Emit a verbatim copy of the lines below from the line with "Stivaletti allacciati in" through the line with "El Rector de", excluding pictures and everything outside that range.

(Source material)
::::

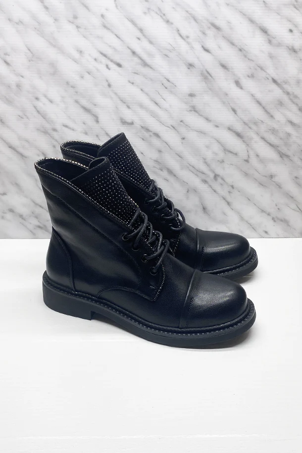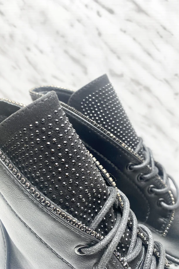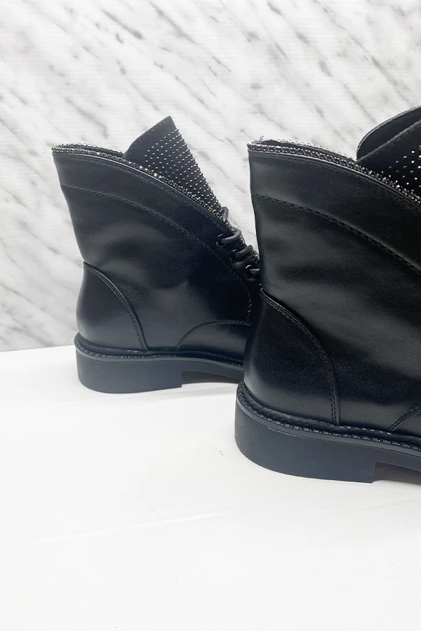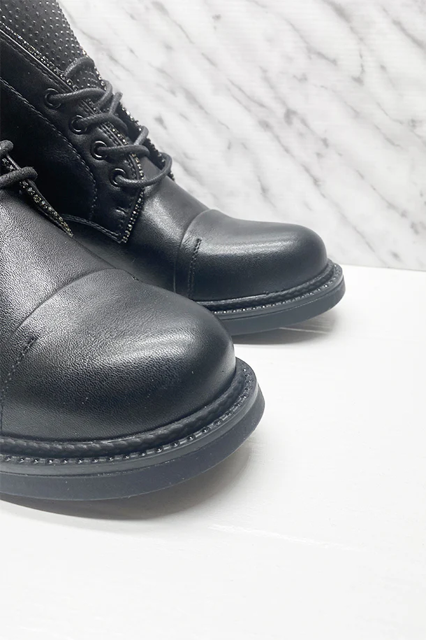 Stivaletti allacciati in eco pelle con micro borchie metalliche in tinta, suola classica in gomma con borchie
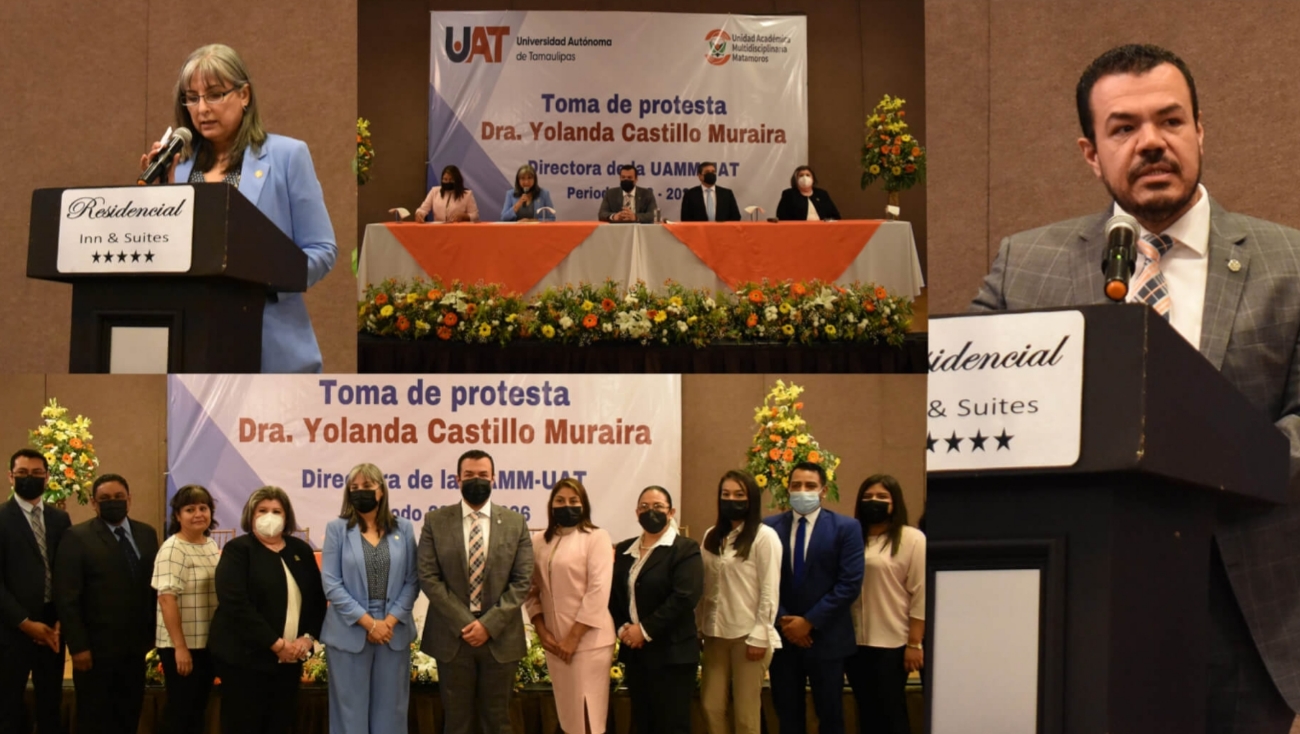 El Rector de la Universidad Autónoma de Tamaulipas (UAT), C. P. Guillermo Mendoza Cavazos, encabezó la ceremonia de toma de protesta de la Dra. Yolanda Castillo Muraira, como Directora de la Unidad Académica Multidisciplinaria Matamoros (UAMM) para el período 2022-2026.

::::

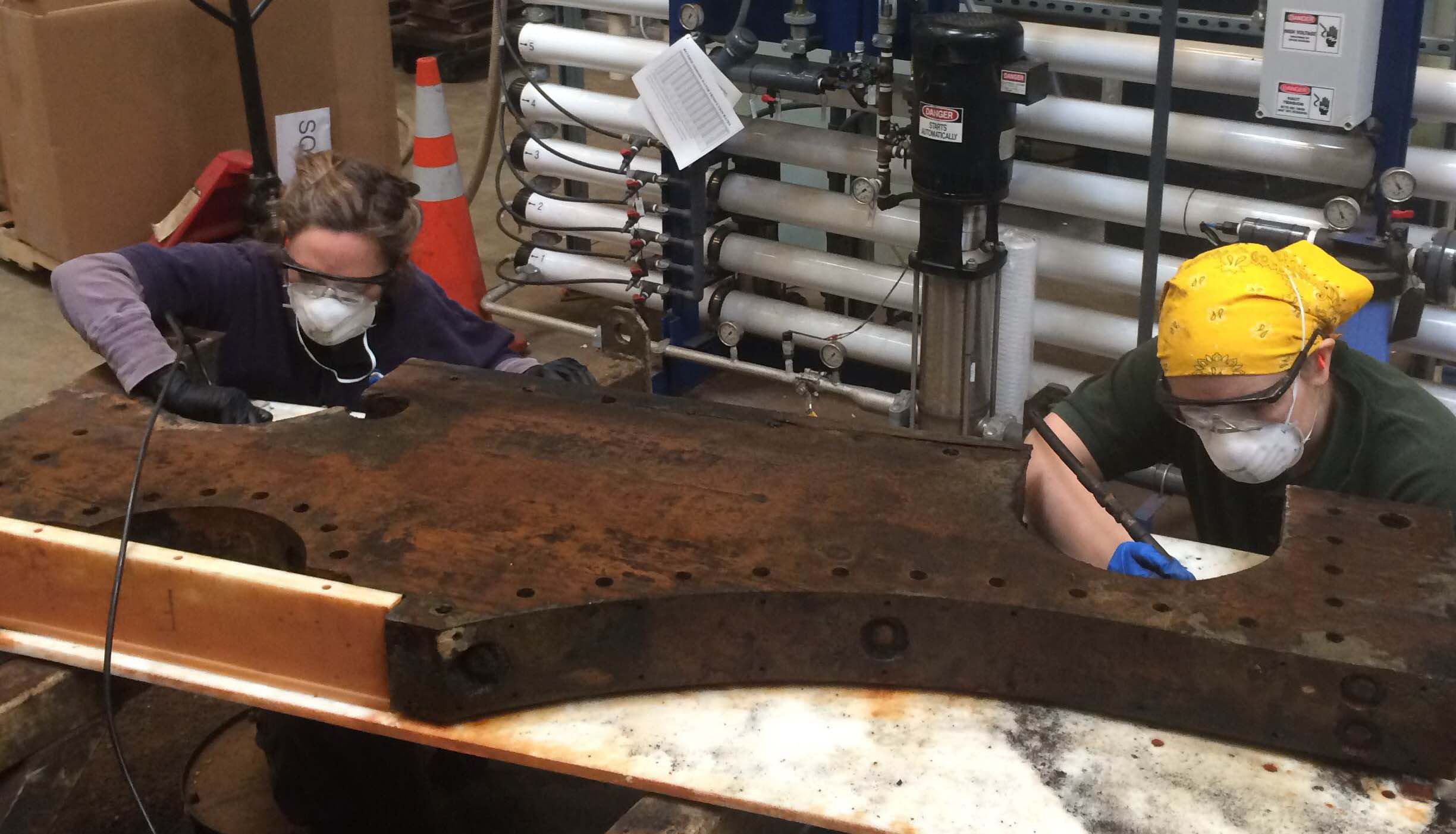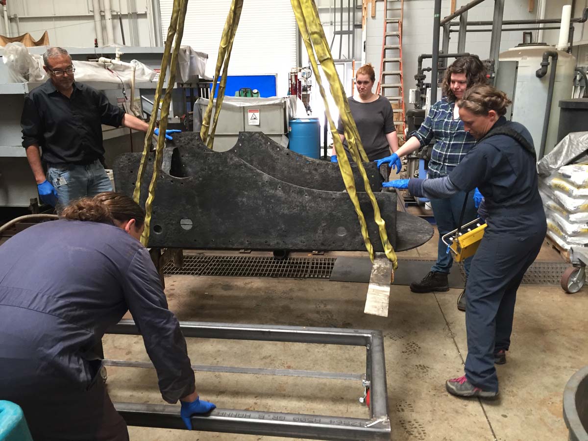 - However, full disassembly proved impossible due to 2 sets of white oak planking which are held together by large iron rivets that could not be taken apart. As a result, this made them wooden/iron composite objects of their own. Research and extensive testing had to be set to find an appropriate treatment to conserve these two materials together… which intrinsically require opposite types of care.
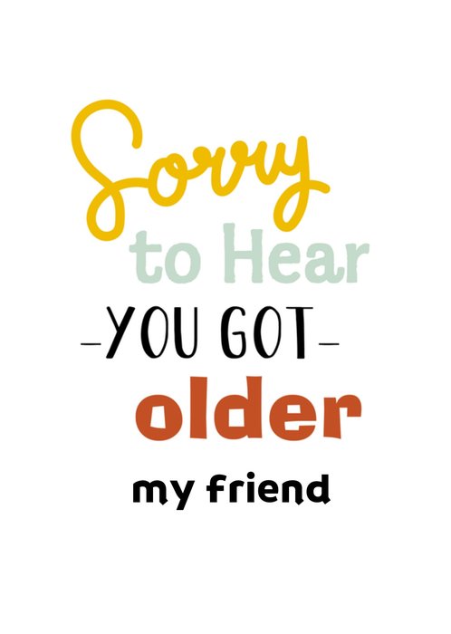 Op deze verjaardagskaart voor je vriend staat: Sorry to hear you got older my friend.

::::

(Solution to this exercise)
 Stivaletti allacciati in eco pelle con micro borchie metalliche in tinta, suola classica in gomma con borchie
 El Rector de la Universidad Autónoma de Tamaulipas (UAT), C. P. Guillermo Mendoza Cavazos, encabezó la ceremonia de toma de protesta de la Dra. Yolanda Castillo Muraira, como Directora de la Unidad Académica Multidisciplinaria Matamoros (UAMM) para el período 2022-2026.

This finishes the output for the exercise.